Le Moineau domestique que tout le monde connaît a un petit cousin, le Moineau friquet, dont le sort est assez inquiétant dans son milieu naturel , la campagne : il subit le sort de tous les petits granivores victimes de la disparition des semis de printemps et des haies. A Paris il en existe une colonie au bois de Vincennes et quelques-uns nichent à la Cité Internationale.

Ramier 2 Londres red

Sa tache blanche permet de reconnaître le Ramier de loin  

 

Pour les pigeons, certains touristes du sud de la France sont très surpris quand ils découvrent leur « Palombe » sur les pelouses parisiennes (et même dans  les caniveaux…) . Le Pigeon ramier s’est en effet adapté au milieu urbain avant le milieu du 19è s. à Paris, d’où le  phénomène s’est étendu en Europe du Nord et de l’Est.

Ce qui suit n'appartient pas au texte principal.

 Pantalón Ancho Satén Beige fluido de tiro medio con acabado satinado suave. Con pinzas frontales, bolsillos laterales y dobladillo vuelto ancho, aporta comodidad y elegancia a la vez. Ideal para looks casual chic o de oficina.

Mais il n’y a que quelques dizaines d’années qu’il a commencé à en faire de même au sud de Paris….

Beaucoup d’ornithologues sont eux aussi surpris quand ils apprennent que le Pigeon colombin est assez commun à Paris : c’est un oiseau qui niche dans des trous d’arbres en forêt, donc, en voir dans les vieux parcs parisiens, pourquoi pas ? Mais sur les toits ou les antennes (où ne viennent quasiment jamais les pigeons communs) , ça c’est impossible ! Et pourtant….. quand on en a pris l’habitude, on remarque assez facilement ce petit pigeon très élégant en train de faire des courbettes devant sa femelle et inspecter les pots de cheminée pour y nicher .

Parmi les oiseaux communs, les merles , corneilles (ce ne sont pas des corbeaux !) et pies sont connus de tous, les mésanges bleue et charbonnière sans doute aussi, surtout si on a mis un peu de graisse sur le rebord de sa fenêtre….mais qui a déjà remarqué l’accenteur ?

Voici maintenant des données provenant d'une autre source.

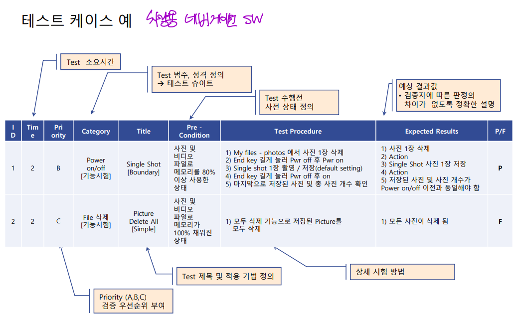 - Test identification (테스트 항목 정의) - 테스트 설계 단계
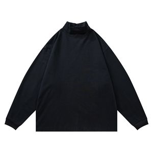 春秋300克重磅半高小领口纯色长袖T恤男女无性别纯色休闲打底衫
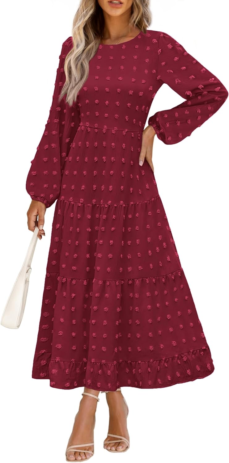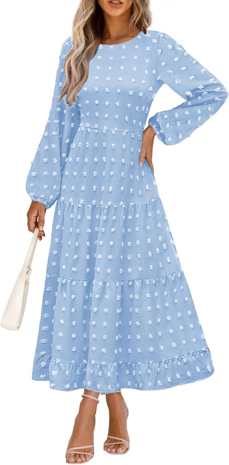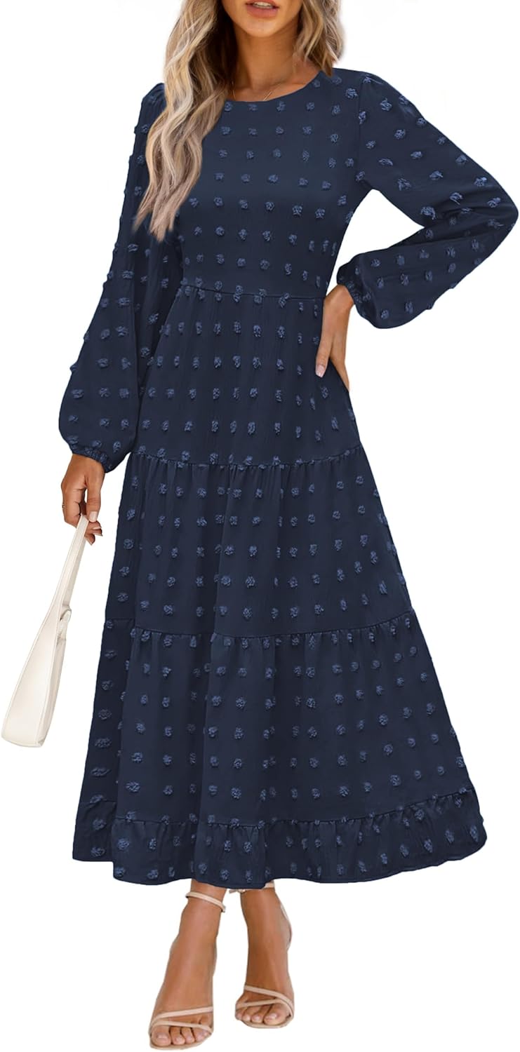 PRETTYGARDEN Long Sleeve Maxi Dresses for Women Fashion Swiss Dot Dress
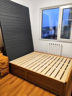 刚买回来,味有点大,过上两个月以后,让它好好散散气味再装,实木床看起来不错。
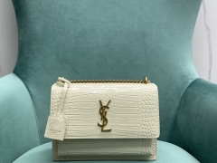 【P1500】圣罗兰包包货源 YSL Sunset鳄鱼纹日落包链条包442906米白色金扣
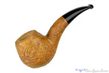Cleverly designed with a very bent shank, this Sine strawberry wood hawkbill from South African carver, Jan Pietenpauw has a wide chamber and a unique blast finish that can only be found in this smoking medium. Rest assured that a pipe cleaner passes without any issue and the draft hole rests all the way at the bottom of the thick walled bowl. Like every Pientenpauw pipe, this Sine draws exceptionally smooth and is eager to make flavorful smoke from any favorite folded flake or broad leaf blend. Note there is no bowl coating and we recommend this pipe be broken in over time. Upon request we are happy to apply a bowl coat at no cost so it's ready to smoke at full capacity upon arrival.
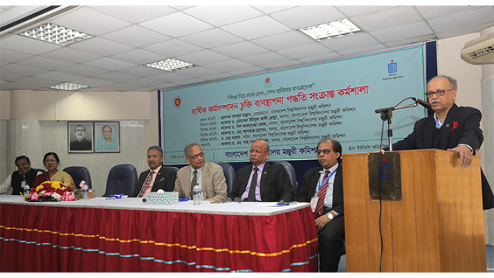 বার্ষিক কর্মসম্পাদন চুক্তি ব্যবস্থাপনা পদ্ধতির উপর দু’দিনব্যাপী এক কর্মশালা আজ রোববারে বাংলাদেশ বিশ্ববিদ্যালয় মঞ্জুরী কমিশনে শুরু হয়েছে। বিশ্ববিদ্যালয়সমূহের কর্মকাণ্ড স্বচ্ছ ও গতিশীল করার জন্য ইউজিসি এই কর্মশালার আয়োজন করে। প্রফেসর আবদুল মান্নান, চেয়ারম্যান, ইউজিসি উদ্বোধনী অনুষ্ঠানে প্রধান অতিথি হিসেবে উপস্থিত ছিলেন।
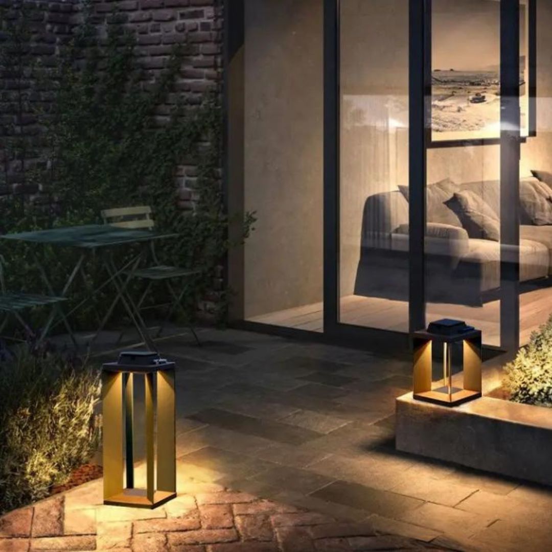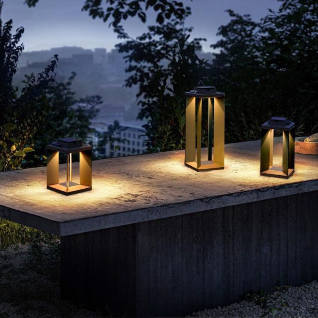 Đèn trụ vuông kim loại di động còn đóng vai trò như một vật phẩm trang trí ngoại thất đầy tinh tế. Ánh sáng vàng ấm dịu được khuếch tán từ đáy đèn tạo nên cảm giác thư giãn, gần gũi. Khi đặt tại các vị trí như dưới tán cây, cạnh ghế lười hay dọc lối đi sân vườn, ánh sáng phản chiếu nhẹ nhàng trên bề mặt gỗ hoặc đá giúp không gian trở nên lung linh, đầy tính nghệ thuật – đặc biệt là vào ban đêm, khi mỗi điểm sáng trở thành một điểm nhấn thu hút ánh nhìn.
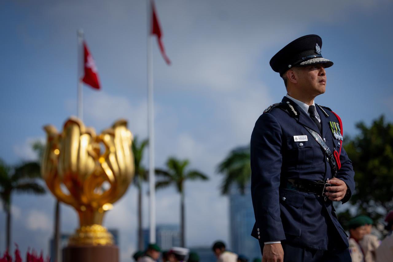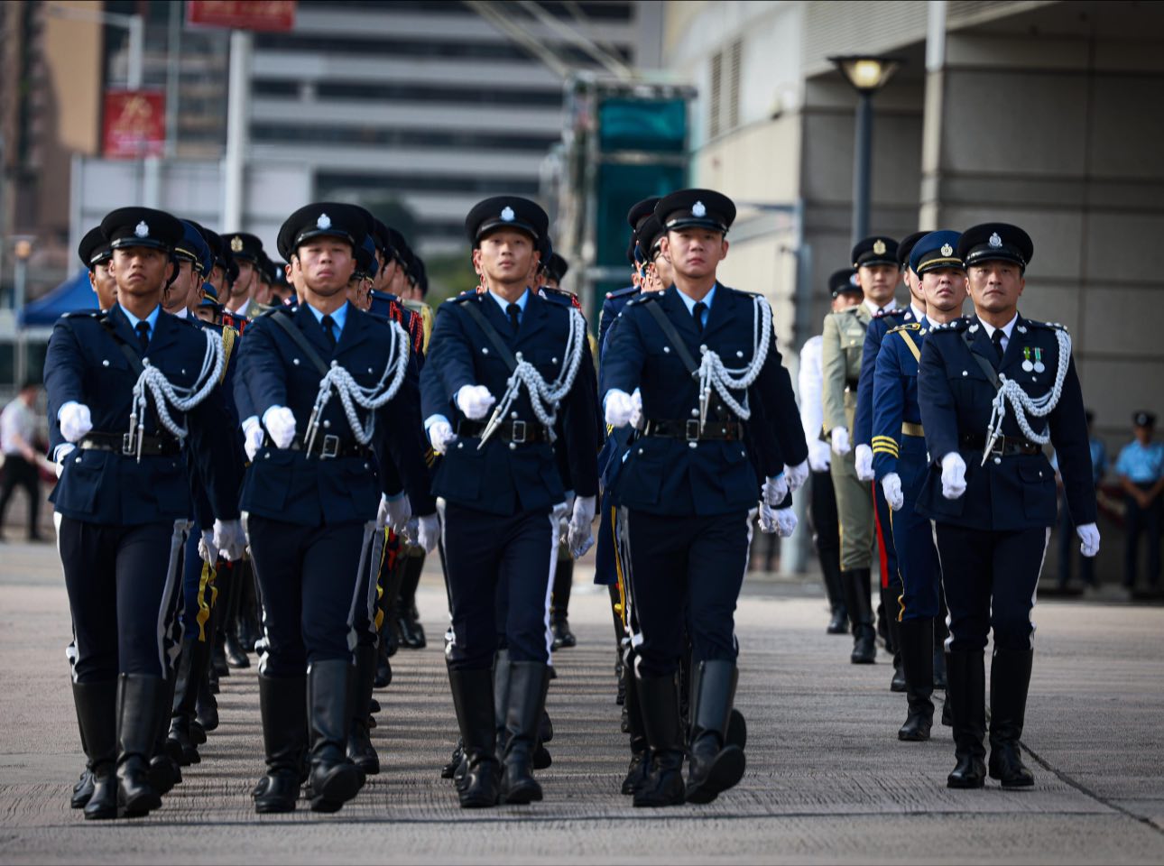 升旗儀式過後,護旗方隊步伐齊整離開會場。警務(wù)處處長周一鳴亦在場觀禮,並與少年制服團隊隊員合照留念。(記者 區(qū)天海)

Accenteur chantant Londres red
 Le chant de l'Accenteur permet souvent de le repérer !

Et pourtant, il y a de bonne chance que vous l’ayez déjà vu se faufiler dans le buisson à côté de chez vous sans y faire attention ! A partir de février, vous pouvez surtout le remarquer en train de chanter de sa voix aigrelette, perché sur un buisson ou au sommet d’un immeuble. Il apprécie spécialement les jardins suspendus ou terrasses plantées qui se multiplient à Paris depuis quelques années .Autre oiseau des buissons, le Troglodyte, minuscule boule de plumes brunes avec une petite queue qui rebique mais dotée d’une voix explosive, est moins fréquent que l’accenteur, mais on le trouve dans tous les parcs ou espaces verts dotés d’une quantité suffisante de buissons.

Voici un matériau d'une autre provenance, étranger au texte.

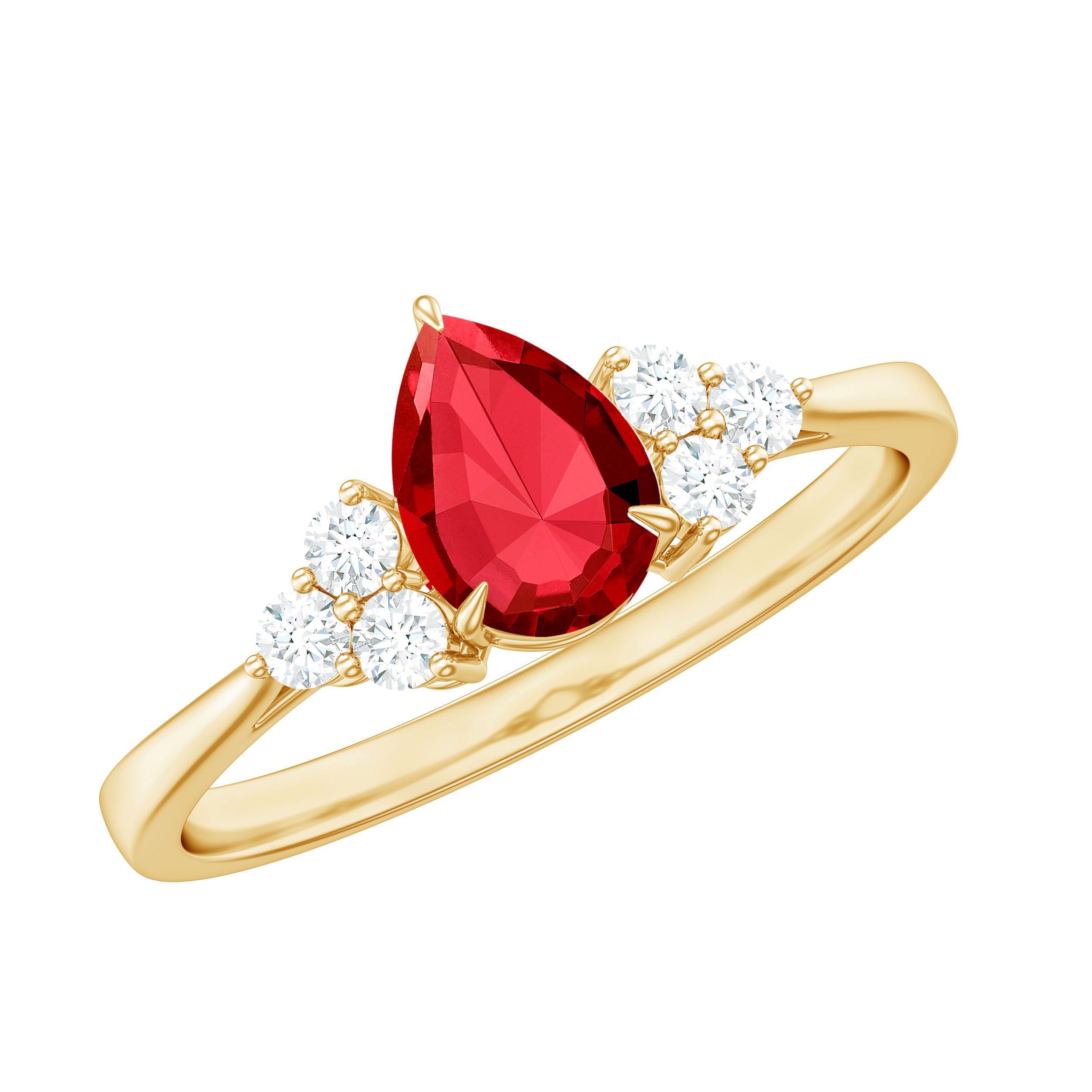 Make a statement with this Lab Grown Ruby Engagement Ring, designed for those who value both beauty and sustainability. At its center sits a stunning 5X7 MM pear shaped lab grown ruby, set in claw setting for a secure look. The centerpiece is beautifully enhanced by a trio of sparkling round cut diamonds, carefully set to highlight the ruby’s brilliance and create a striking contrast. The diamonds add sparkle and elegance, complementing the vibrant hue of the AAAA quality ruby while maintaining a refined and timeless look. This Ruby and Diamond Ring is the perfect combination of bold design and graceful elegance. Its pear shaped ruby makes it stand out from traditional solitaire styles, while the trio of diamonds adds a modern and glamorous touch. Crafted with lab grown ruby, the Teardrop Engagement Ring is an ethical and environmentally friendly choice, allowing you to celebrate love in a conscious and meaningful way. Ideal for a proposal or as a special gift, this Lab Created Ruby Ring symbolizes not just commitment, but the beauty of shared moments and lasting memories. Its striking design, rich color, and sparkling accents ensure it will be admired for years to come.
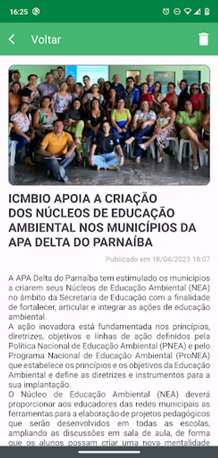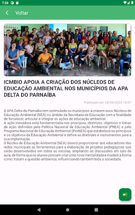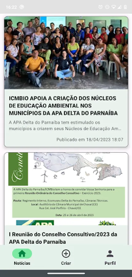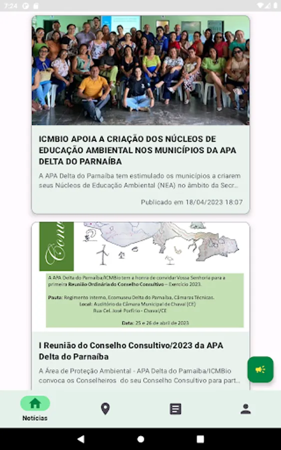 The APA Delta do Parnaíba - ICMBio application is developed at the Laboratory of Innovations and Research in Informatics (LiPi) and Innovation Factory, both at the Federal Institute of Maranhão (IFMA) - Campus Araioses. The application aims to facilitate communication between the participants of the Consultative Council of the APA Delta do Parnaíba, the Municipal Environmental Councils of that territory and the general population. The application has news feed features, information about the territory, and a feature to make complaints.
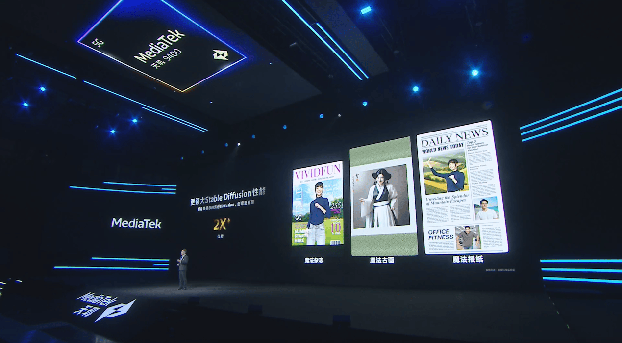聯(lián)發(fā)科還和小紅書深度合作,首發(fā)推出端側(cè)SDXL高清風格圖,可以將用戶的個人照片通過端側(cè)的AI處理生成各種風格的魔幻照片,而且相比云端平均生成時長還要快2倍,本地AI運算快速的優(yōu)勢體現(xiàn)出來了。

Les bâtiments ont aussi leurs espèces attitrées : en plus des colombins, pigeons et moineaux déjà cités, les constructions sont nécessaires pour les nids de 4 espèces :

- le Martinet noir qui pose ses œufs dans un trou de mur, souvent sous un toit

- l’Hirondelle de fenêtre qui construit son nid en terre sous une avancée du toit, dans une moulure d’une façade ou sous un balcon (ou même un pont…..allez voir le Pont-Neuf à la bonne saison !)

- l’Etourneau sansonnet qui a besoin aussi d’un trou, d’arbre ou de construction, peu importe !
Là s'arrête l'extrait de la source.